Pulmonology Section, Department of Pediatrics, University of Arkansas for Medical Sciences/COM and Pediatric Aerosol Research Laboratory at ACHRI, Little Rock, Arkansas 72202, USA.
J Aerosol Med Pulm Drug Deliv. 2010 Dec;23(6):397-404. doi: 10.1089/jamp.2010.0834. Epub 2010 Oct 19.
Cooling the Next Generation Impactor (NGI) is recommended to minimize evaporation due to heat transfer from impactor to aerosols when evaluating nebulized solutions. This methodology increases testing time for serial testing procedures. We hypothesize that after an initial prolonged cooling time, experiments could be repeated after shorter recooling times without sacrificing accuracy.
Three units of continuous output (HUDSON) and breath enhanced (PARI LC Plus) nebulizers were operated (6 L/min) with albuterol solution (2.5 mg/3 mL) into a cooled (4°C) NGI (internal and external filters) calibrated at 15 L/min. Mass median aerodynamic diameter (MMAD), geometric standard deviation (GSD), % particles <5 μm (P%<5), and % particles 1-3 μm (P%1-3) were compared with three different protocols. Initial cooling of the NGI (90 min for all protocols) was followed by two measurements with recooling intervals of either 90 and 90 (protocol A), 60 and 60 (protocol B), or 30 and 30 min (protocol C). Albuterol was diluted and measured by spectrophotometry (276 nm).

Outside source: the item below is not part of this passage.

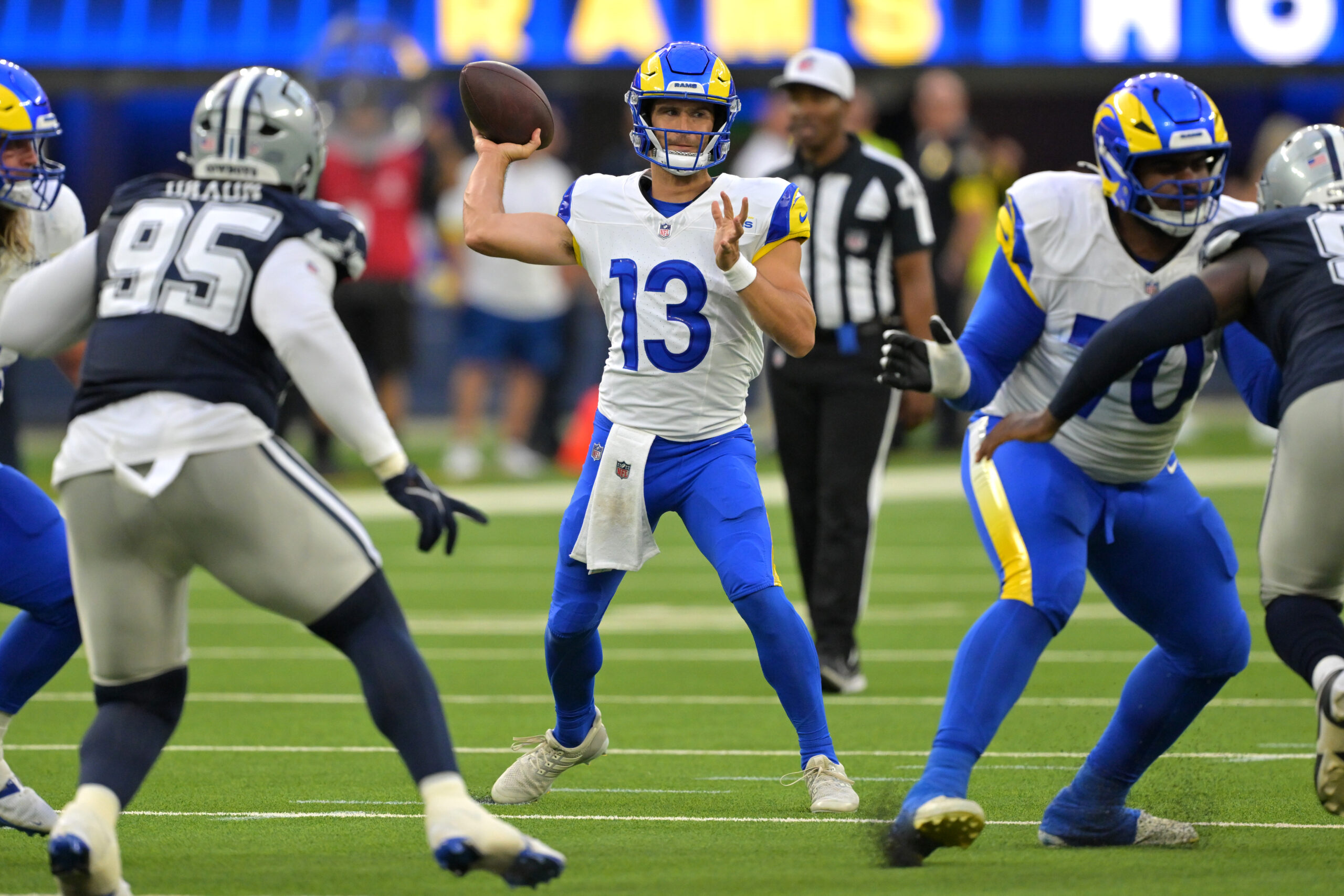 Aug 9, 2025; Inglewood, California, USA; Los Angeles Rams quarterback Stetson Bennett IV (13) throws a pass during the second half against the Dallas Cowboys at SoFi Stadium. Mandatory Credit: Jayne Kamin-Oncea-Imagn Images
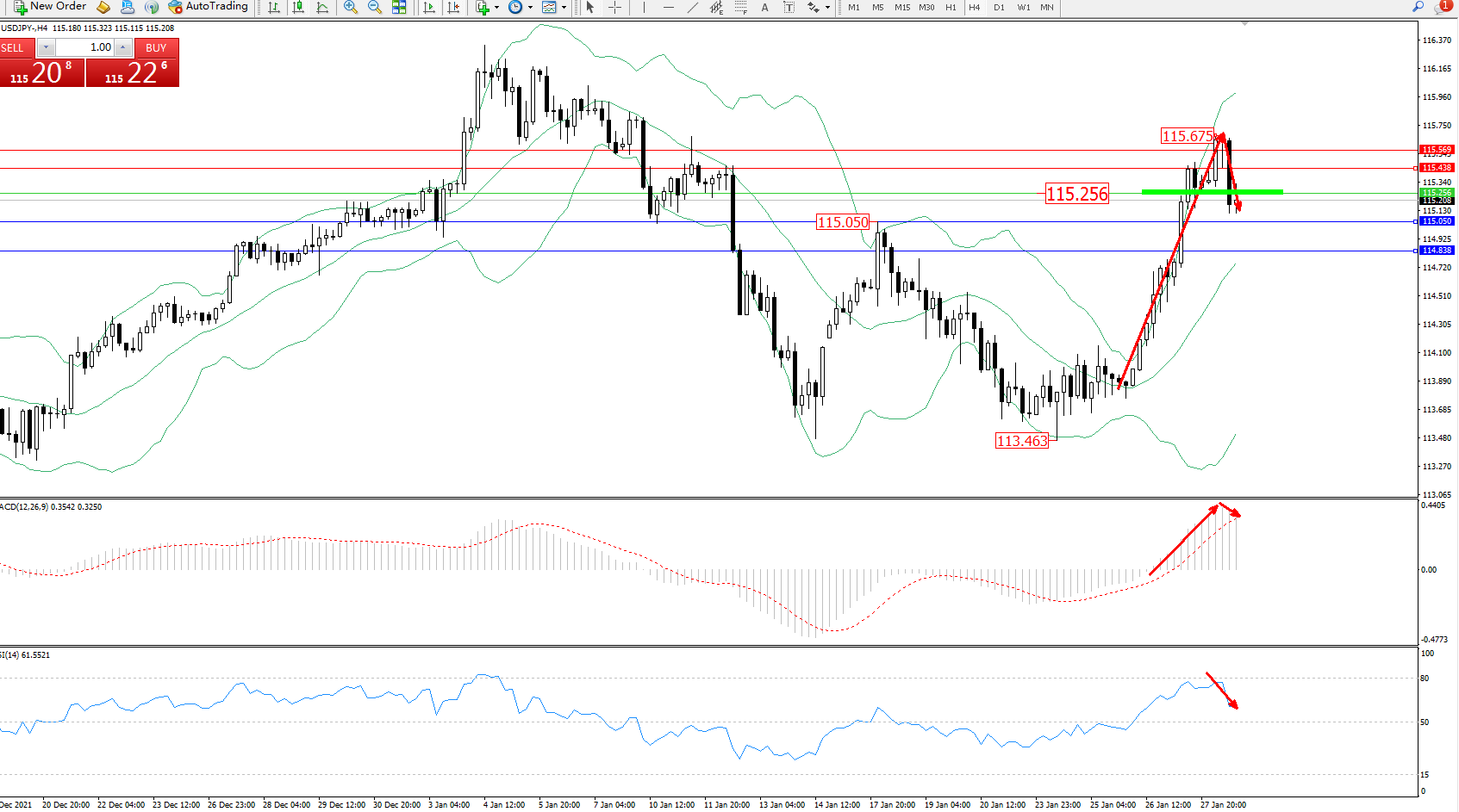 技术点评:多头动力延续布林带指标上轨附近强势拉升上扬,高位抵达115.675位置附近遇阻回撤,短期高位空头动力伺机入场下行,布林带指标呈张口走势后开始收口上移,MACD指标处于多头区域维持震荡上移后回撤,RSI指标处于多头区域维持震荡上移后平移,急速转势下行;

MMAD, GSD, P%<5, and P%1-3 for first measurements of all protocols (n = 9) were: 3.47 ± 0.21 μm, 2.31 ± 0.07, 67.3 ± 2.6%, and 40 ± 2.3% (PARI) and 4.56 ± 0.35 μm, 2.16 ± 0.08, 54 ± 3.7%, and 22.4 ± 2.8% (HUDSON). No differences were found between cooling protocols (p > 0.05). Percentage of variation from first measurement ranged from: -3.9 to +2.1% (PARI) and -4.1 to +2.9% (HUDSON) for MMAD; -5.6 to +2.6% (PARI) and -4.9 to +1.9% (HUDSON) for GSD; 0 to +4.6% (PARI) and -3.7% to +5.7% (HUDSON) for P%<5; and -2.4 to +5.2% (PARI) and -1.8 to +4.9% (HUDSON) for P%1-3.
Aerosol characteristics of nebulized solutions determined by NGI are not affected by performing two repeat measurements after recooling the impactor for either 30 or 60 min after an initial 90-min time.
为了最小化撞击器对气溶胶的热转移导致的蒸发,建议对评估雾化溶液时冷却下一代撞击器(NGI)。这种方法增加了串行测试程序的测试时间。我们假设在初始长时间冷却后,可以在较短的再冷却时间后重复实验,而不会牺牲准确性。
使用连续输出(HUDSON)和呼吸增强(PARI LC Plus)雾化器(6 L/min)以 2.5 mg/3 mL 的沙丁胺醇溶液雾化至冷却至 4°C 的 NGI(内部和外部过滤器),校准至 15 L/min。比较了三种不同方案的质量中值空气动力学直径(MMAD)、几何标准偏差(GSD)、<5μm 的颗粒百分比(P%<5)和 1-3μm 的颗粒百分比(P%1-3)。所有方案(所有方案均为 90 分钟)均先进行初始冷却,然后再进行两次测量,再冷却间隔为 90 分钟和 90 分钟(方案 A)、60 分钟和 60 分钟(方案 B)或 30 分钟和 30 分钟(方案 C)。通过分光光度法(276nm)对沙丁胺醇进行稀释和测量。
所有方案(n = 9)的第一次测量的 MMAD、GSD、P%<5 和 P%1-3 为:3.47 ± 0.21 μm、2.31 ± 0.07、67.3 ± 2.6%和 40 ± 2.3%(PARI)和 4.56 ± 0.35 μm、2.16 ± 0.08、54 ± 3.7%和 22.4 ± 2.8%(HUDSON)。冷却方案之间无差异(p > 0.05)。从第一次测量的百分比变化范围为:-3.9 至 +2.1%(PARI)和-4.1 至 +2.9%(HUDSON)的 MMAD;-5.6 至 +2.6%(PARI)和-4.9 至 +1.9%(HUDSON)的 GSD;0 至 +4.6%(PARI)和-3.7%至 +5.7%(HUDSON)的 P%<5;和-2.4 至 +5.2%(PARI)和-1.8 至 +4.9%(HUDSON)的 P%1-3。
NGI 确定的雾化溶液的气溶胶特性不受在初始 90 分钟后再冷却 30 或 60 分钟后对撞击器进行两次重复测量的影响。